She first noticed the butterflies when she and Dahlia were split. Just one, a fragile little thing. It flitted about her head lazily. Iris smiled at it as the train rumbled beneath her feet. She was still in her acolyte robes - far too big for her, but Mother promised she’d grow into them. She trusted Mother. Even if she did give her and Dahlia away. And told Dahlia she was worthless. And told her she was too weak. She trusted Mother.
The second butterfly appeared when Dahlia came to her and asked for help in a rescue. She didn’t phrase it like that, of course. Dahlia didn’t like to think of herself as weak. No matter why. She stood on the bank of the river, shivering as the water soaked the bottom of her robes. Mother had been right - She grew into them. It was important to trust. Iris did not flinch as Dahlia shrieked as she hurtled towards the water. Even she was not stone. Dahlia’s water-slick hand nearly slipped out of Iris’s grip, but she held on and hoisted Dahlia out of the water. Dahlia did not cry, didn’t even blink as she held tightly onto Iris and shook, breath ragged and taught. Iris did not mention it. It would have been unbecoming of her.
The butterflies started swarming quickly enough. She read the news. Fawles, dead. Then a Diego Armando was gone. Then her sister asked her for help. She didn’t phrase it like that, of course. She trusted her sister. Then she met Phoenix. Then a court case. Then her sister was in jail.
The butterflies’ wing beats were drowning out her words at this point. She stared Dahlia in the eyes, trusting. Dahlia couldn’t lie. She told a truth. Iris couldn’t be misled. She knew the truth. She visited frequently. Or, an approximation of frequently. Or, sometimes.

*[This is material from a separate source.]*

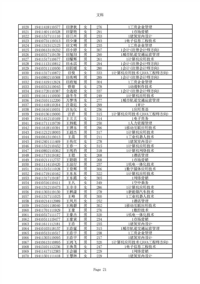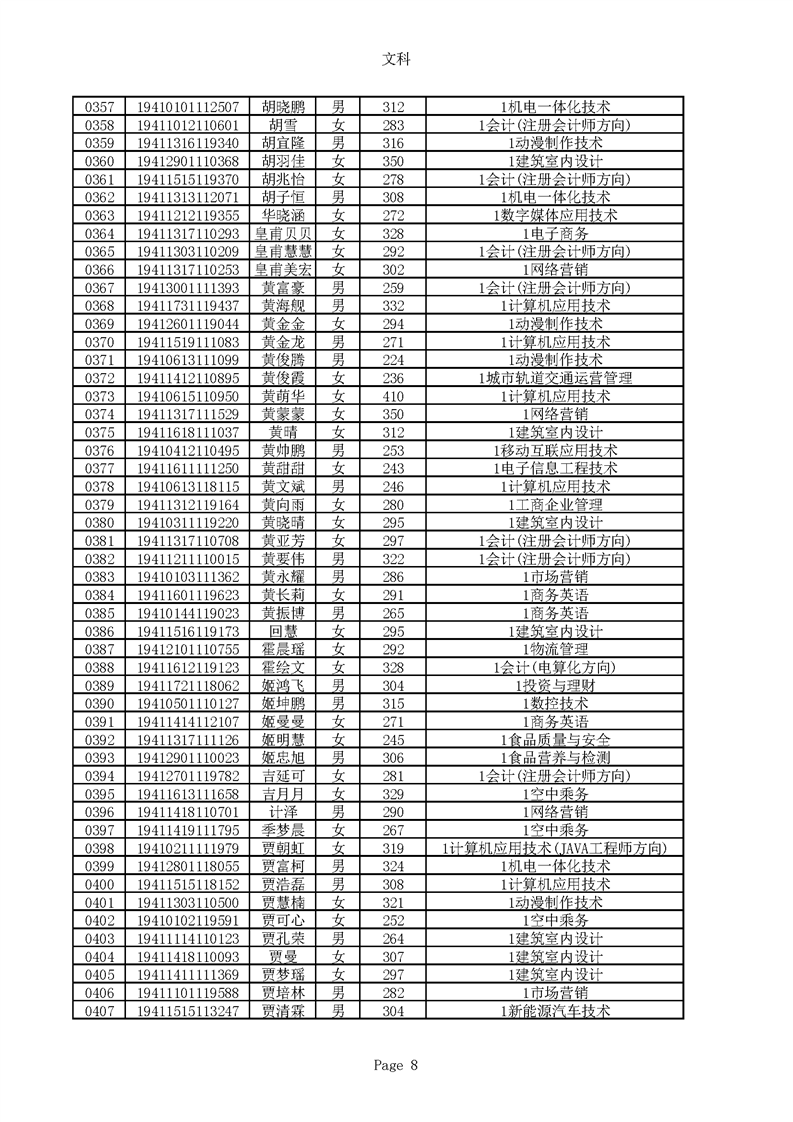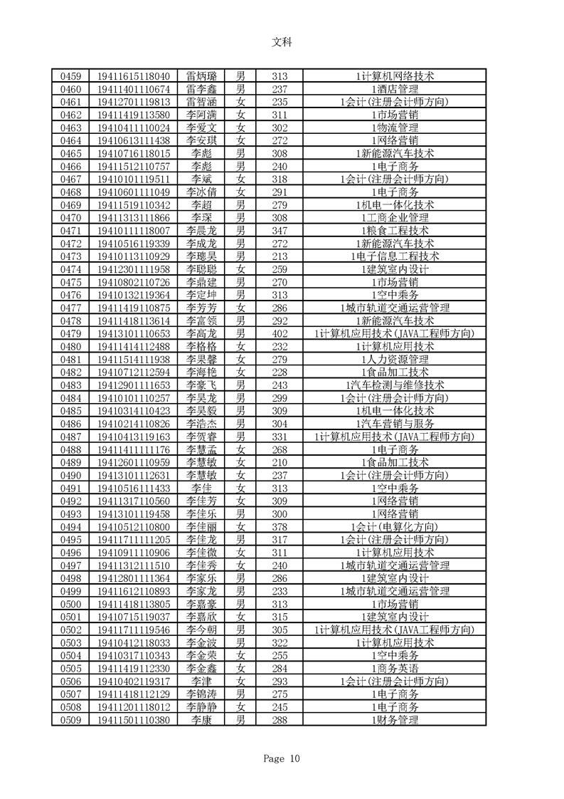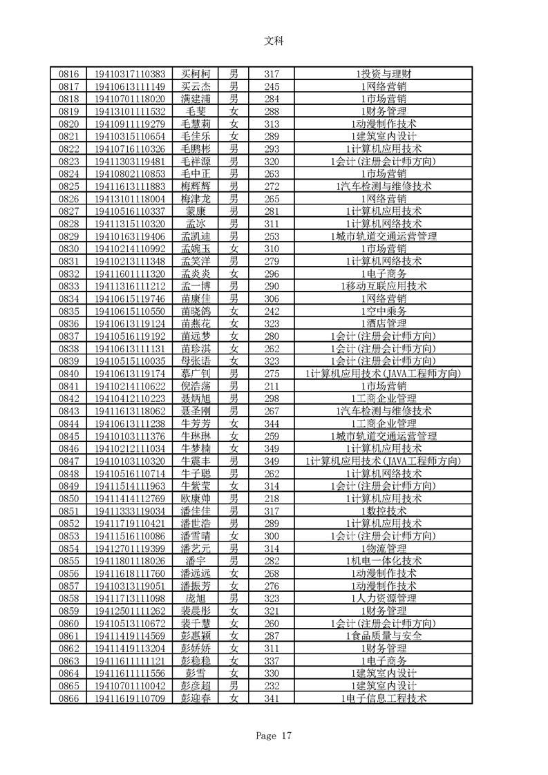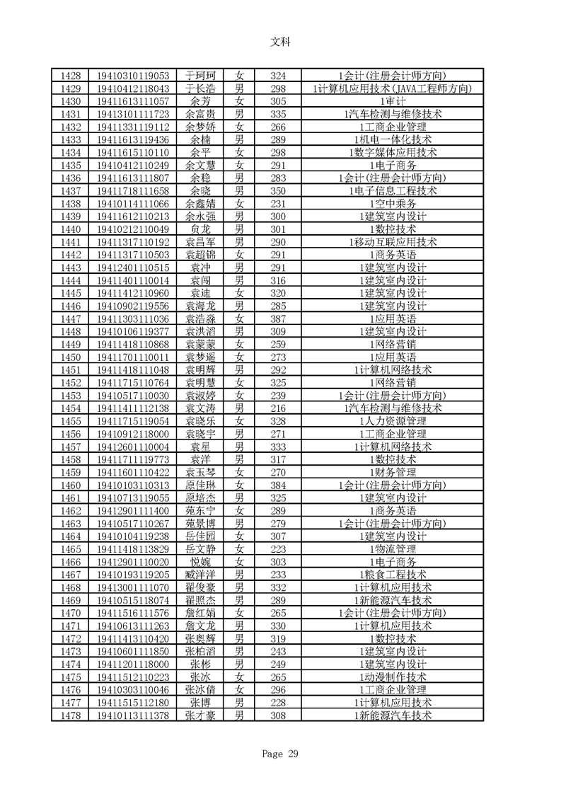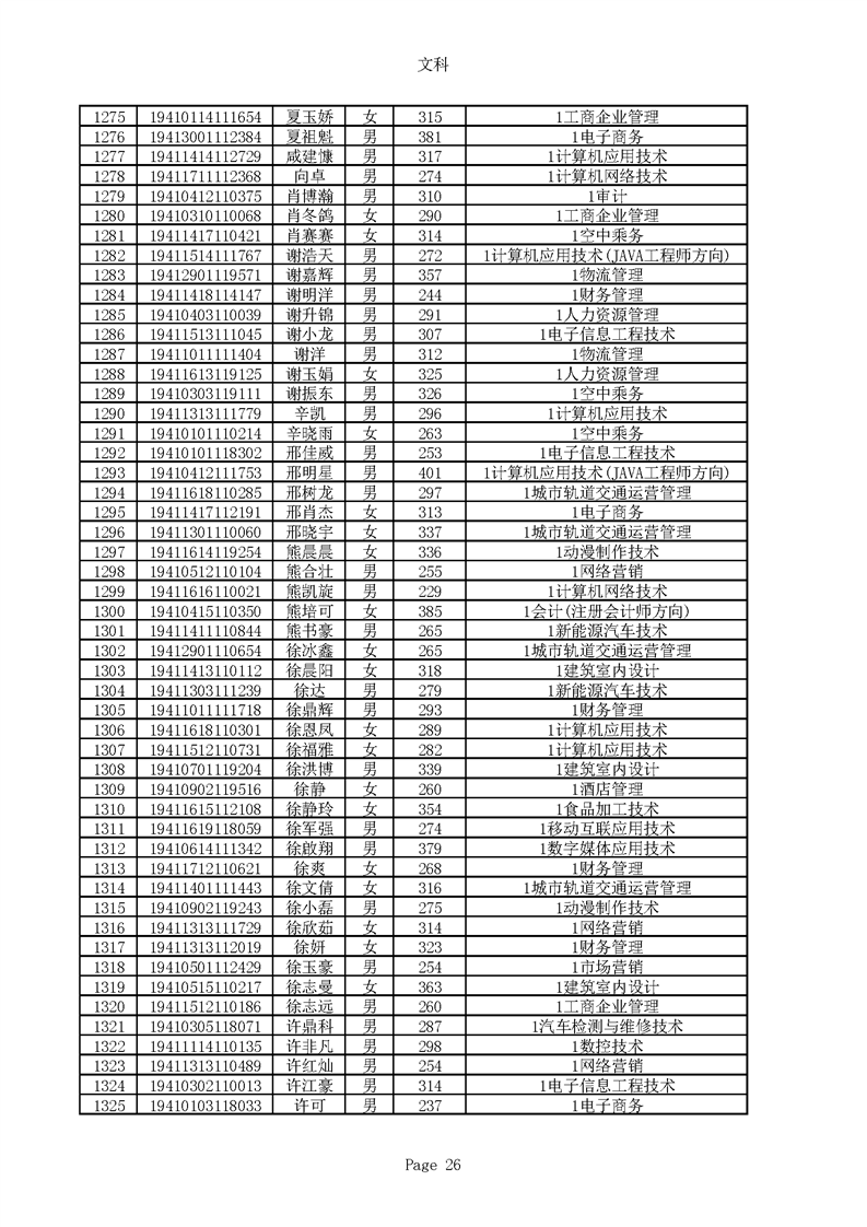 2019年河南高职高专文科平行志愿录取新生名单(按姓氏排序)

She watched as they stuck the needle in, a horrible long and thin thing. Call it morbid curiosity. She imagined their roles swapped. The plunger slowly fell into the body of the needle. She imagined her having taken the fall for Dahlia, whether Dahlia would have accepted it or not didn’t matter. Dahlia was still smiling, sweet and saccharine. She did not cry until they had taken her still body away. She muffled her sobs with her hand. It was unbecoming of her.
She couldn’t hear above the cacophony of silence. Her sister was dead. She forced her limbs to work, to place the bundle of flowers on the grave. She had fought, truly, she had, to get her sister a tombstone rather than the impersonal plaque that told nothing about Dahlia. Dahlia would have laughed had she seen the bundle of flowers placed on her grave. Lilies, white dahlias, irises, and orchids all wrapped up in cotton candy pink wrapping. She trusted them to carry her sister on. The beating of paper thin wings was impossibly loud.
The wing beats were more familiar than her voice. She laid down on the dirt and stared up at the sky next to Dahlia’s grave, flowers in hand, and talked to her. She didn’t have any spiritual powers, but she believed. And she believed that Dahlia could hear.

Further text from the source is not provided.